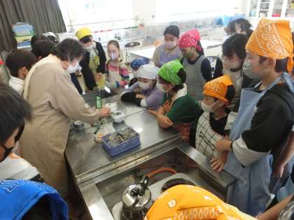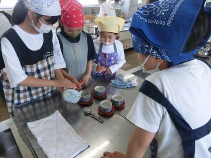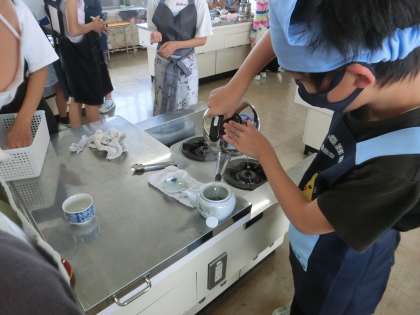 5年生の家庭科です。お茶のいれ方を学びました。お茶をいれるお湯の温度や、茶葉が入らないようにお茶を注ぐ方法を学びました。ご家庭でも、機会があればお子様におお茶をいれてもらってください。
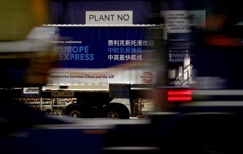 de la route express arctique Chine-Europe, amarré au port de Felixstowe au
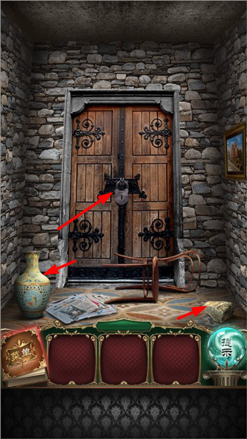 2、第二关就没有提示了,我们先捡起右边的石头打碎左边的花瓶,拿到钥匙,用钥匙打开大门,进入第三关。
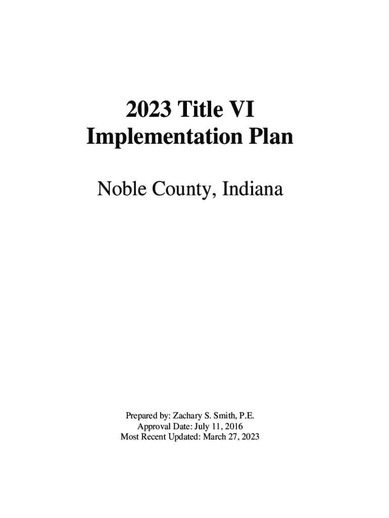 2023 Title VI Implementation Plan Noble County, IndianaPrepared by: Zachary S. Smith, P.E. Approval Date: July 11, 2016 Most Recent Updated: March 27, 2023Table of Contents Title VI Implementation
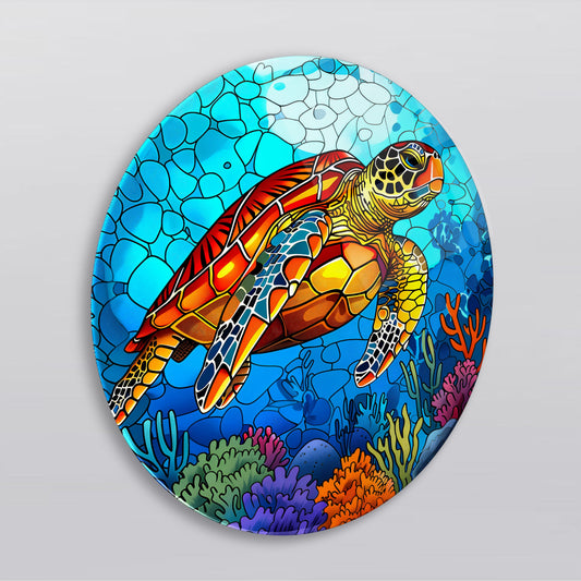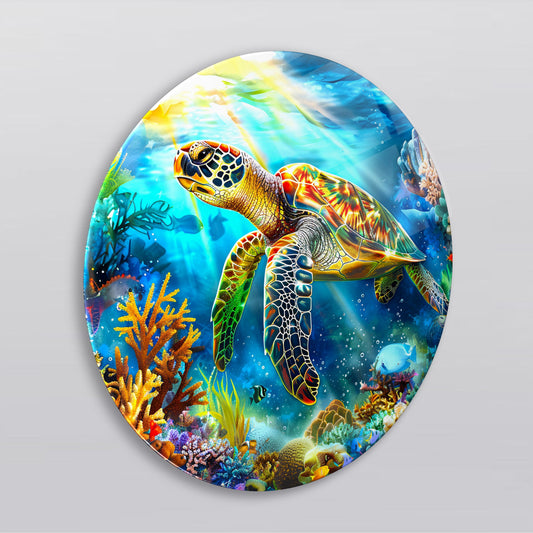 Deniz Kaplumbağası Yuvarlak Cam Tablo
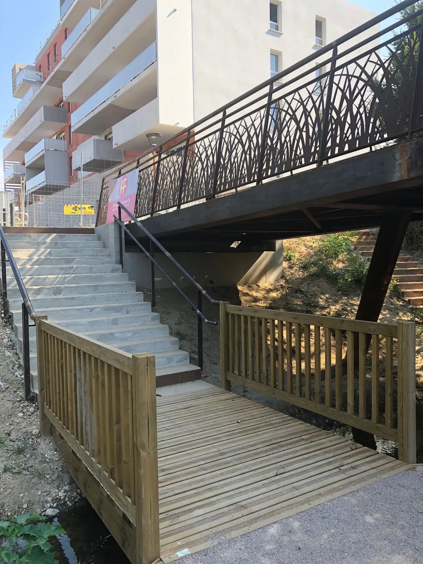 Uno de los puntos más delicados fue planificar el montaje de la estructura sobre el cauce del río, lo que requería soluciones técnicas específicas. A ello se sumaba la necesidad de un diseño duradero y con identidad propia, que respetara el entorno y aportara valor estético al paisaje de Perpiñán.
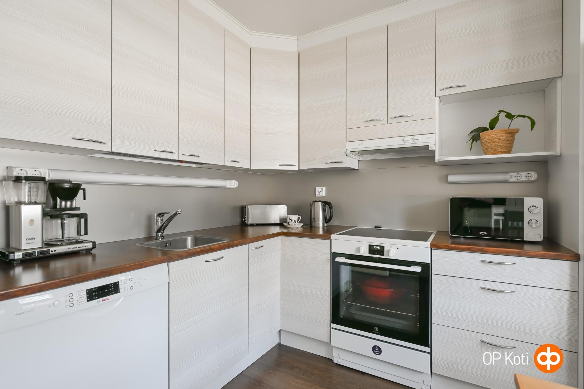 - Vuonna 2016 remontoidussa keittiössä on varusteina: jääkaappi, pakastekaappi, sähköliesi/ induktioliesi (2024), liesikupu, liesituuletin, astianpesukone ja kiinteät valaisimet.

++++

* Task statement
Leaving the pictures out, set down exactly the lines from the one with "2、第二关就没有提示了,我们" through the end of the records.

* Expected answer
 2、第二关就没有提示了,我们先捡起右边的石头打碎左边的花瓶,拿到钥匙,用钥匙打开大门,进入第三关。
 2023 Title VI Implementation Plan Noble County, IndianaPrepared by: Zachary S. Smith, P.E. Approval Date: July 11, 2016 Most Recent Updated: March 27, 2023Table of Contents Title VI Implementation
 Deniz Kaplumbağası Yuvarlak Cam Tablo
 Uno de los puntos más delicados fue planificar el montaje de la estructura sobre el cauce del río, lo que requería soluciones técnicas específicas. A ello se sumaba la necesidad de un diseño duradero y con identidad propia, que respetara el entorno y aportara valor estético al paisaje de Perpiñán.
 - Vuonna 2016 remontoidussa keittiössä on varusteina: jääkaappi, pakastekaappi, sähköliesi/ induktioliesi (2024), liesikupu, liesituuletin, astianpesukone ja kiinteät valaisimet.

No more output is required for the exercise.